- [What you will do] Would you print exactly the lines that begin the listing and continue through the line holding "Πασχαλινό διακοσμητικό καλάθι"? No pictures, please.

- [Records]

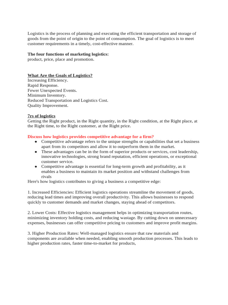 goods from the point of origin to the point of consumption. The goal of logistics is to meet
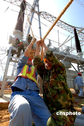 未來五年福建省電力公司將投資544億元人民幣打造海峽西岸堅強(qiáng)電網(wǎng),到2010年,500千伏電網(wǎng)將覆蓋全省所有地級市,形成全省大環(huán)網(wǎng)。圖為海峽西岸堅強(qiáng)電網(wǎng)的“龍頭”項(xiàng)目——500千伏東臺變電站施工現(xiàn)場,該變電站將于2006年底投產(chǎn)使用。 中新社發(fā) 王東明 攝
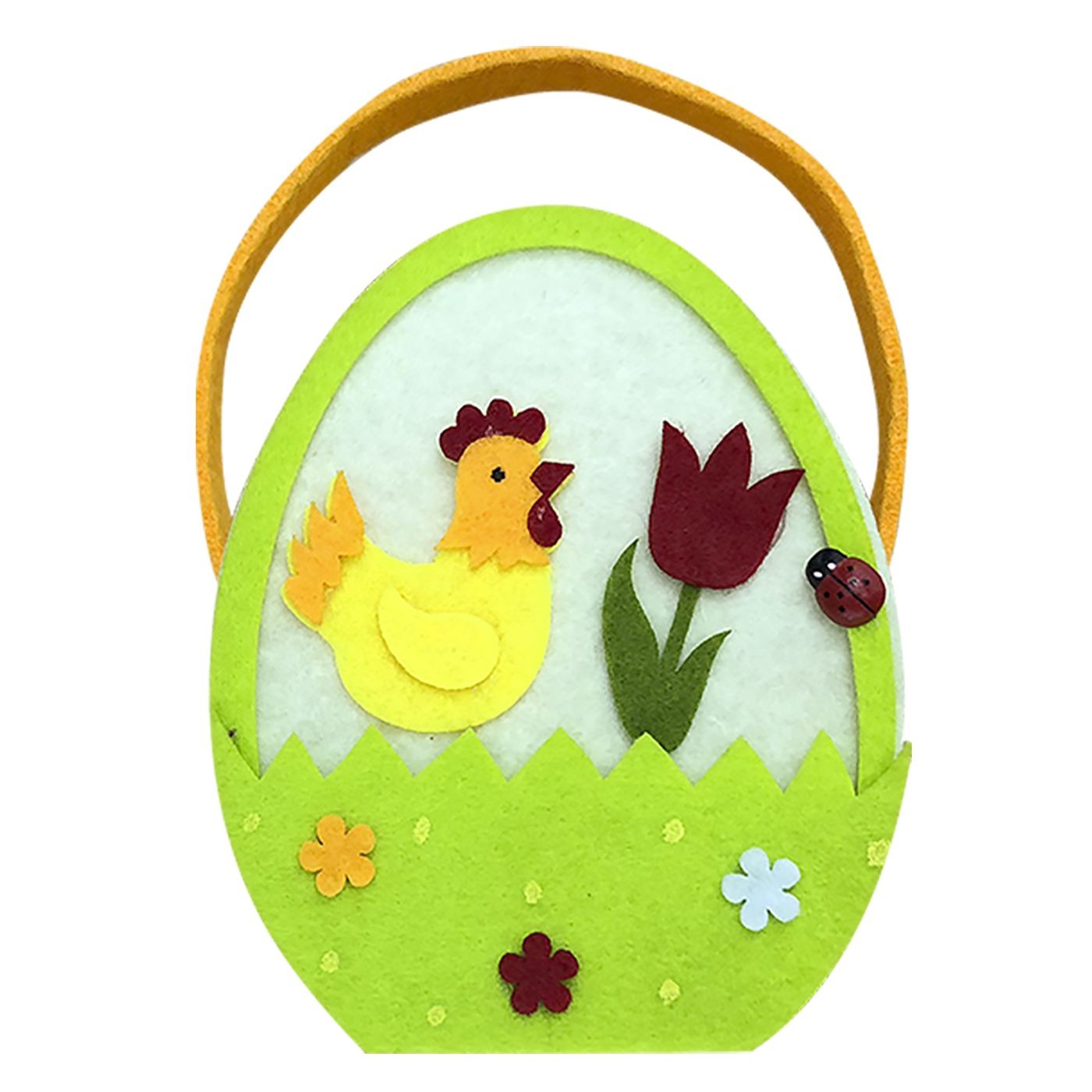 Πασχαλινό διακοσμητικό καλάθι με σχέδιο κότα, λουλούδι και χερούλι. Ιδανικό για αυγά, δωράκια και πασχαλινές συνθέσεις. Ελαφρύ, πρακτικό και κατάλληλο για στολισμό σπιτιού, βιτρίνας ή επαγγελματικών χώρων.
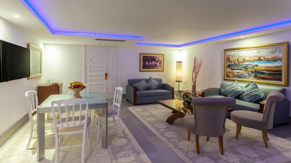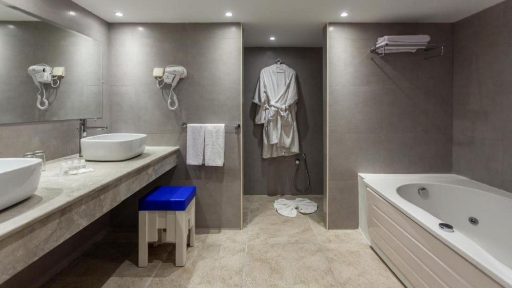 Всички стаи са оборудвани с климатик, телевизор, телефон, баня с душ/вана, сешоар, минибар (празен), сейф, Wi-Fi, балкон/тераса. Почистване на стаите - всеки ден, смяна на спалното бельо и кърпите – при заявка.
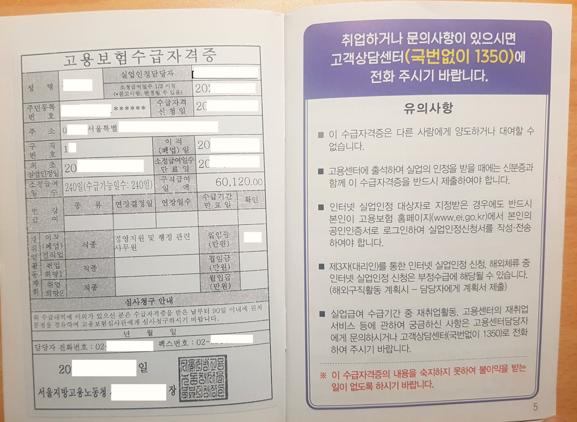 첫페이지를 펼쳐보면 본인의 정보가 기재되어있는데 실업인정담당자와,수급자격신청일, 최초실업인정일, 소정급여일수 만료일, 소정급여일수, 구직급여 일액등이 모두 기재되어있다.
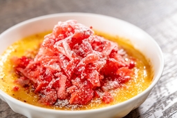 オーストラリア和牛の焼きしゃぶ/マスカルポーネのクレームブリュレ いちごのコンジュレを添えて
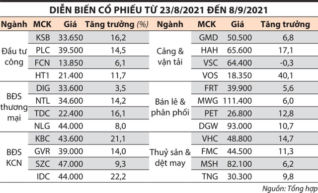 Trong đó, kể từ ngày 23/8-8/9, thị trường tiếp tục xu hướng tăng với dòng tiền tập trung chủ yếu vào nhóm cổ phiếu kỳ vọng hưởng lợi từ việc mở cửa nền kinh tế như đầu tư công; cảng và vận tải; bất động sản công nghiệp; bất động sản thương mại; bán lẻ; thuỷ sản và dệt may… Ngược lại, nhóm cổ phiếu trụ như chỉ số VN30 chỉ tăng nhẹ 1,5% lên 1.433,71 điểm.
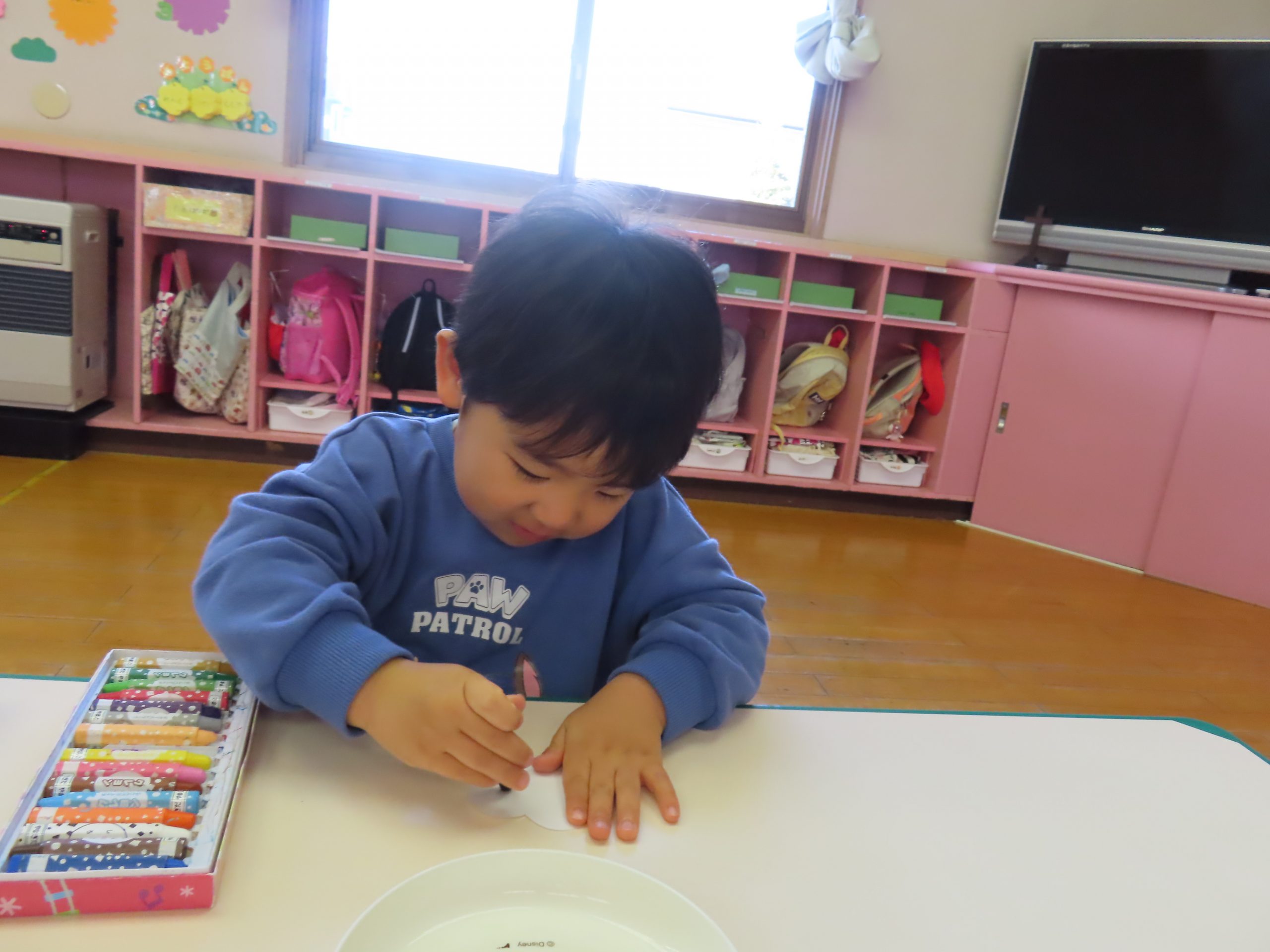 クレヨンでお顔をかきかき🖍
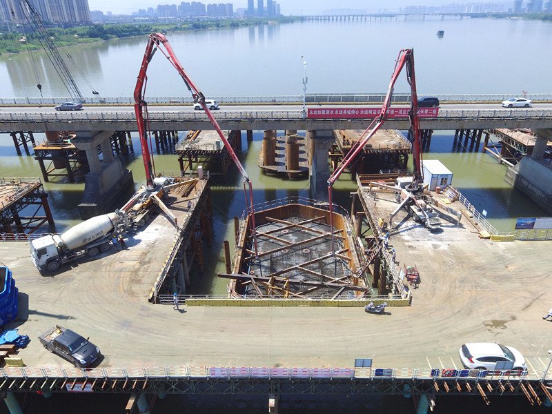 为避免对闽江河水造成污染,中交二航局两洪桥项目部决定让混凝土搅拌工序远离江岸,选用商用搅拌站进行混凝土供应。但这也增添了施工难度,从搅拌站到现场,混凝土运输时间长达1.5小时,且面临着早晚高峰禁行的压力,故现场混凝土浇筑大部分在晚上进行。
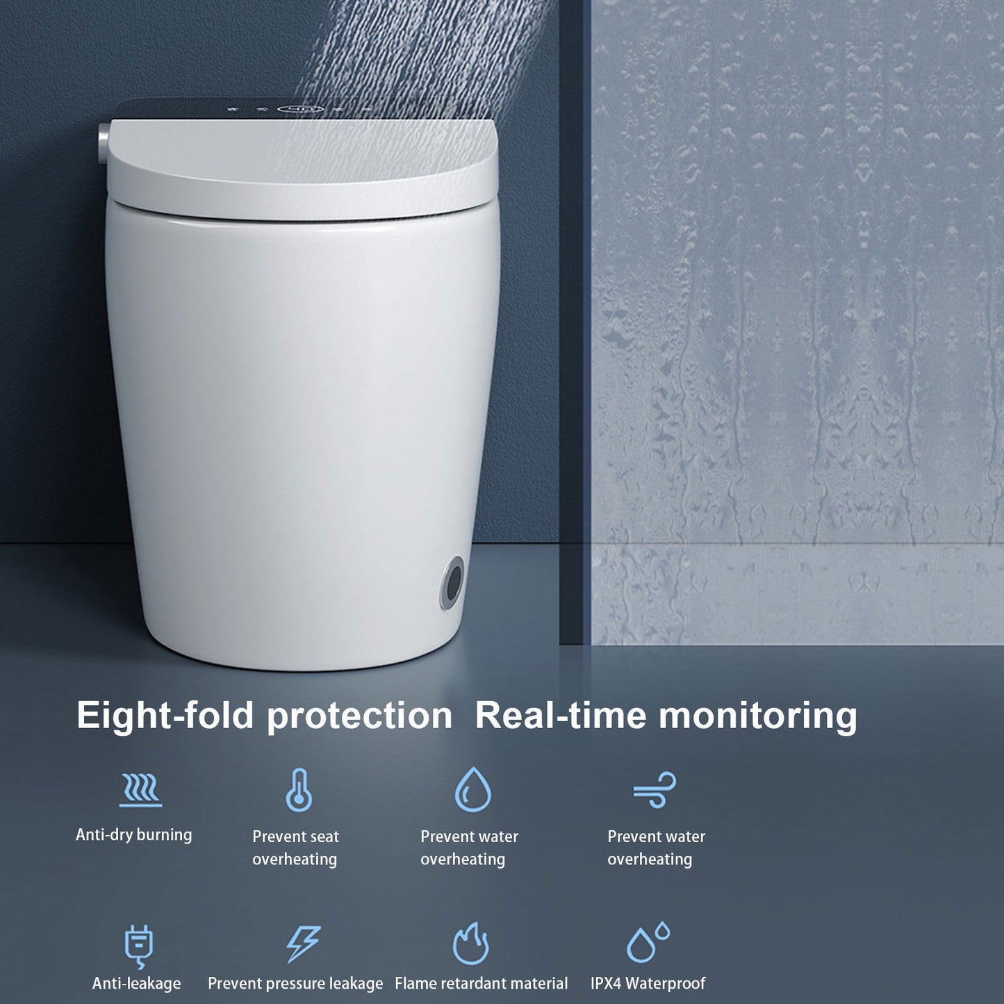 - [Portable & Convenient Flushing]: Smart toilet include various flushing modes: off-seat flushing, power-off flushing, foot sensor flushing,remote control flushing, side button control flushing, following by a powerful flush on your departure for hands-free experience.
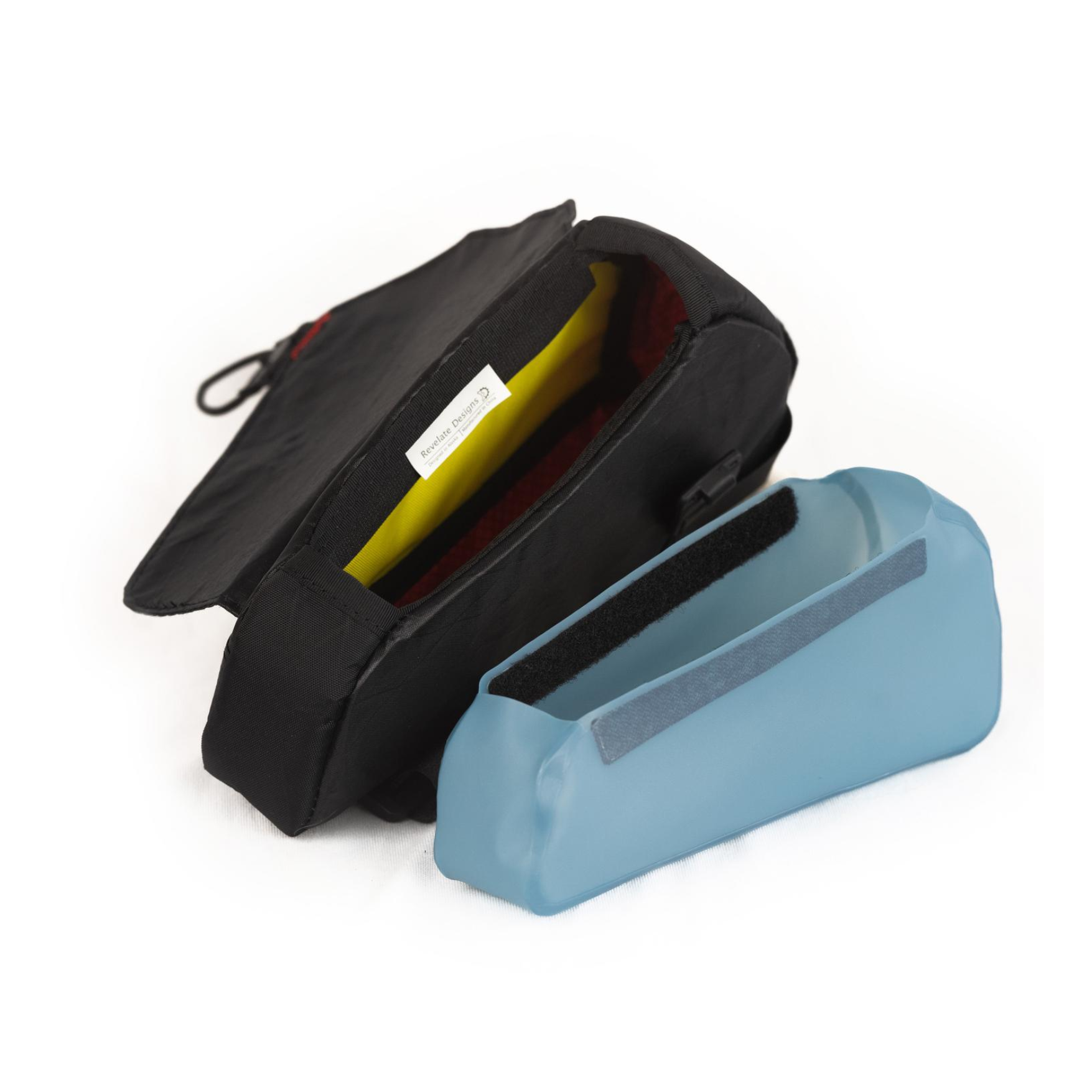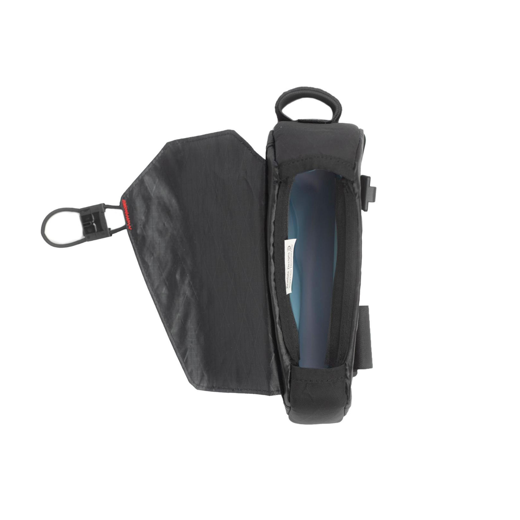 Please note: While the cover to this bag is designed to shed rain and spray, due to the large panel opening it is not a fully sealed bag or waterproof bag. Additionally, while the closure is secure there is the possibility that small objects can come out of the bag from rough trails or lying the bike on its side. A key clip is integrated into the bag but we recommend keeping your gummy bears in a ziplock.
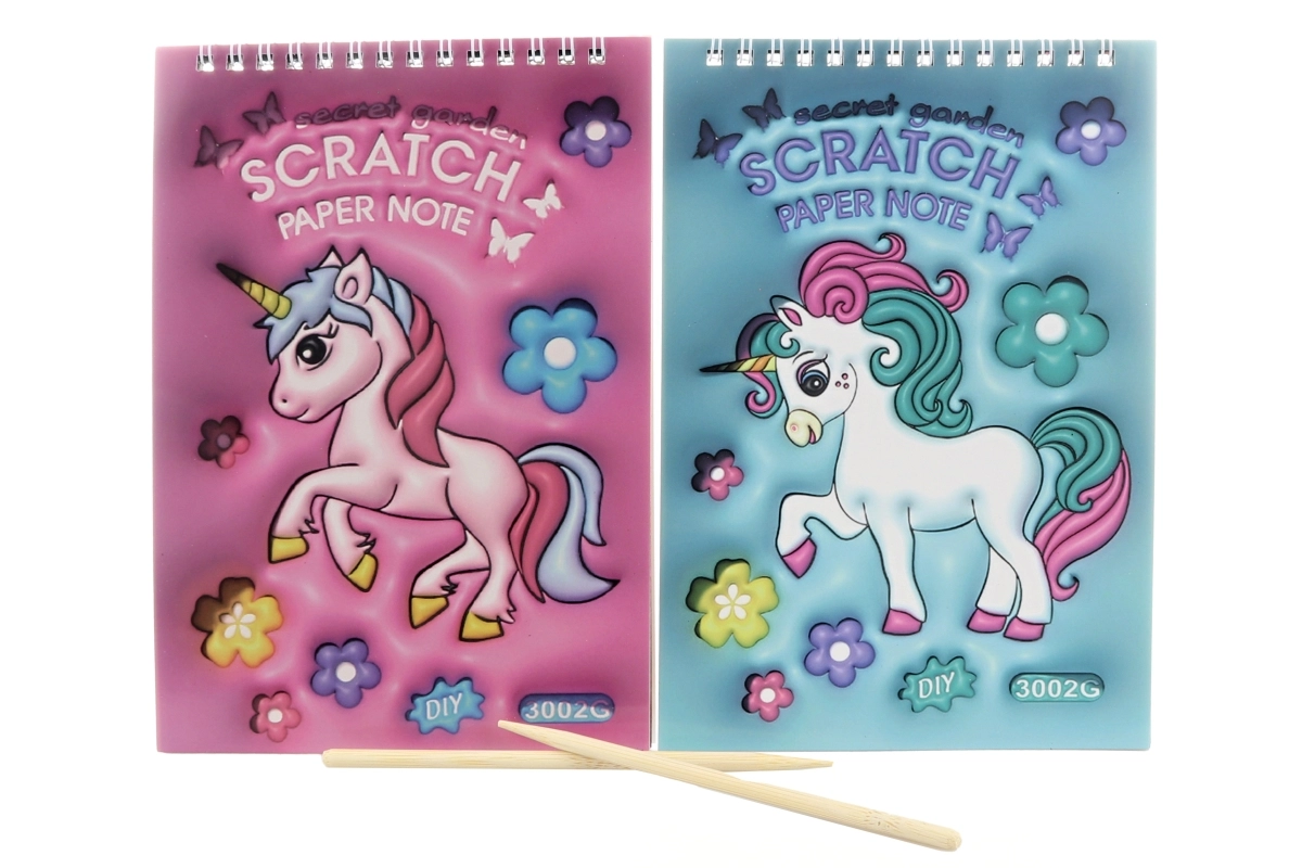 Kreatív kaparós füzet unikornis motívummal, amely örömet szerez minden kis művésznek. Tartalmaz 8 fekete lapot színes alappal, amelyekre a mellékelt fa tollal eredeti képeket lehet alkotni. A praktikus spirálkötés és a kompakt 14 × 20 cm méret ideálissá teszi utazáshoz és otthonra egyaránt.

- [Solution to the exercise]
 goods from the point of origin to the point of consumption. The goal of logistics is to meet
 未來五年福建省電力公司將投資544億元人民幣打造海峽西岸堅強(qiáng)電網(wǎng),到2010年,500千伏電網(wǎng)將覆蓋全省所有地級市,形成全省大環(huán)網(wǎng)。圖為海峽西岸堅強(qiáng)電網(wǎng)的“龍頭”項(xiàng)目——500千伏東臺變電站施工現(xiàn)場,該變電站將于2006年底投產(chǎn)使用。 中新社發(fā) 王東明 攝
 Πασχαλινό διακοσμητικό καλάθι με σχέδιο κότα, λουλούδι και χερούλι. Ιδανικό για αυγά, δωράκια και πασχαλινές συνθέσεις. Ελαφρύ, πρακτικό και κατάλληλο για στολισμό σπιτιού, βιτρίνας ή επαγγελματικών χώρων.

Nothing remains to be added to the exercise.